_Given information_:
===============

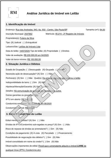Claro, visual, com todos os riscos detalhados, resumo dos débitos, processos, custos totais do arremate, nota de risco e recomendação final.
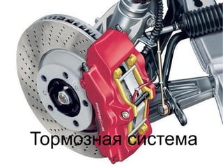 Документ описывает различные типы тормозных систем транспортных средств, включая рабочую, запасную и вспомогательную тормозные системы. Он объясняет, как каждая система регулирует скорость и обеспечивает остановку транспортного средства, а также упоминает механизмы, такие как усилители тормозов. Вспомогательная тормозная система предназначена для поддержания постоянной скорости на длинных спусках с помощью торможения двигателем.
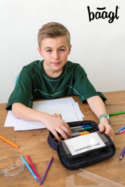 • Pevný školní penál s výklopnou vnitřní přepážkou.

===============

Repeat the data above exactly, leaving out any pictures it holds.

Claro, visual, com todos os riscos detalhados, resumo dos débitos, processos, custos totais do arremate, nota de risco e recomendação final.
 Документ описывает различные типы тормозных систем транспортных средств, включая рабочую, запасную и вспомогательную тормозные системы. Он объясняет, как каждая система регулирует скорость и обеспечивает остановку транспортного средства, а также упоминает механизмы, такие как усилители тормозов. Вспомогательная тормозная система предназначена для поддержания постоянной скорости на длинных спусках с помощью торможения двигателем.
 • Pevný školní penál s výklopnou vnitřní přepážkou.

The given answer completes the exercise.